Lundi, devant la cour, l'avocat de M. Strauss-Kahn, Me Benjamin Brafman, a déclaré de façon ambiguë: "les preuves médico-légales, selon nous, ne coïncident pas avec un rapport forcé", sans qu'on sache si cette déclaration correspondait à une nouvelle ligne de défense après avoir nié tous les faits.

Des médias américains, s'appuyant sur une source "proche de la défense", ont par la suite fait état d'une ligne de défense qui consisterait à affirmer que "le rapport peut avoir été consenti".

Les procureurs ont pour leur part indiqué lundi qu'ils avaient des preuves montrant qu'il y avait eu une tentative de viol, s'appuyant notamment sur l'examen médical pratiquée sur la plaignante après les faits présumés.

Une chambre d'accusation ("grand jury") de 16 à 23 jurés populaires doit se réunir en secret et en l'absence d'un juge, pour entendre les éléments de preuve de l'accusation et décider d'une inculpation formelle ou non.

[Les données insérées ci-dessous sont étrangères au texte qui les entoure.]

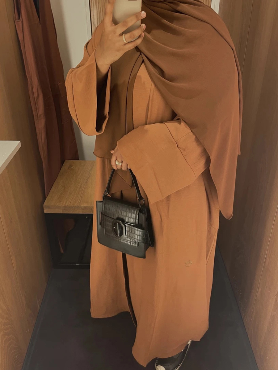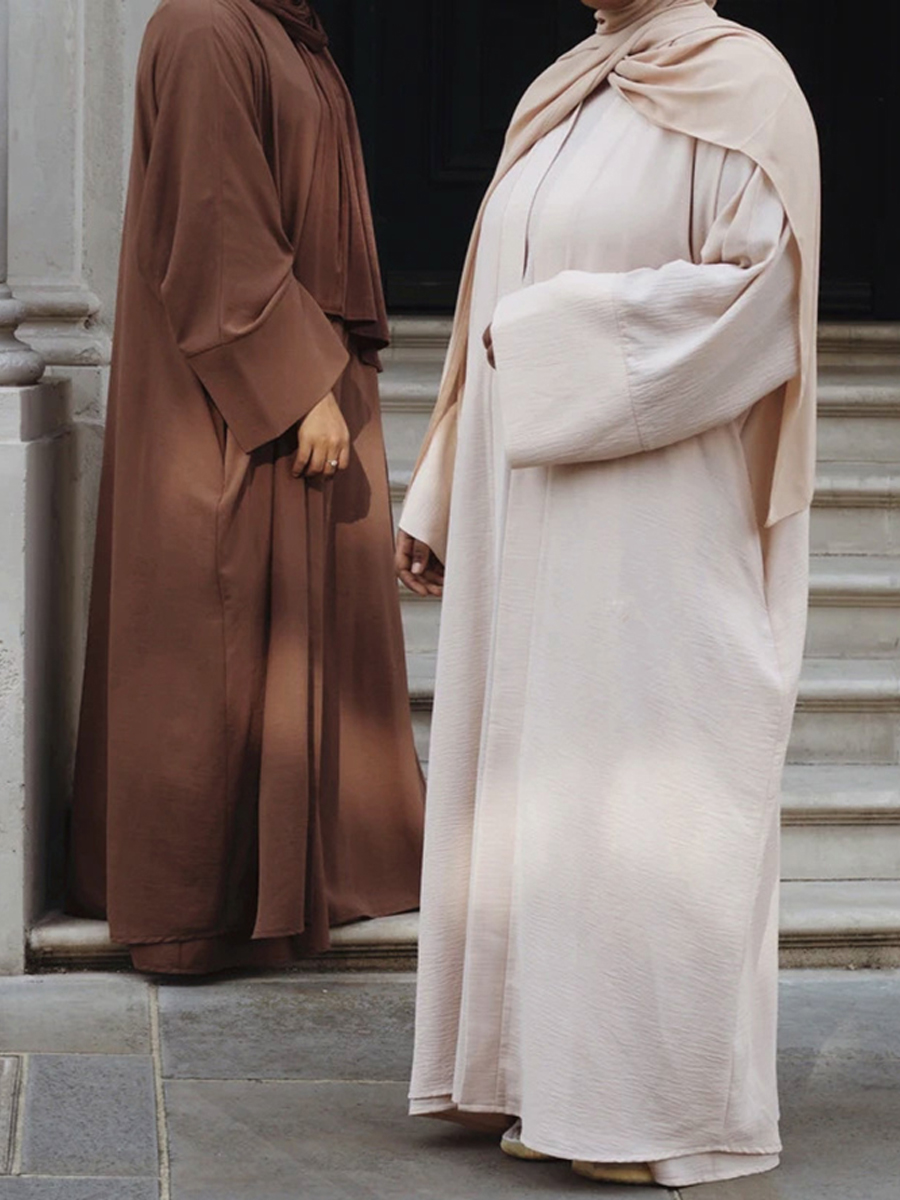 1 x inner sleeveless slip dress, 1 x outer open abaya ( head hijab scarf NOT included )

La décision de ce grand jury est attendue vendredi.

L'identité de la femme de chambre âgée de 32 ans n'a pas été révélée et elle n'a pas pris la parole depuis que l'affaire a éclaté samedi, mais son avocat a déclaré sur NBC qu'elle était prête à pleinement coopérer à l'enquête et à la préparation du procès qui pourrait suivre.

"Elle est prête à faire tout ce qu'on lui demandera de faire et à coopérer avec la police ou le ministère public", a dit Me Shapiro. "Elle n'a rien derrière la tête. Elle fait ça parce qu'elle pense qu'il faut le faire et elle va le faire", a-t-il ajouté.

La plaignante est d'origine guinéenne. C'est une mère célibataire de 32 ans qui élève une fille de 15 ans, a précisé l'avocat.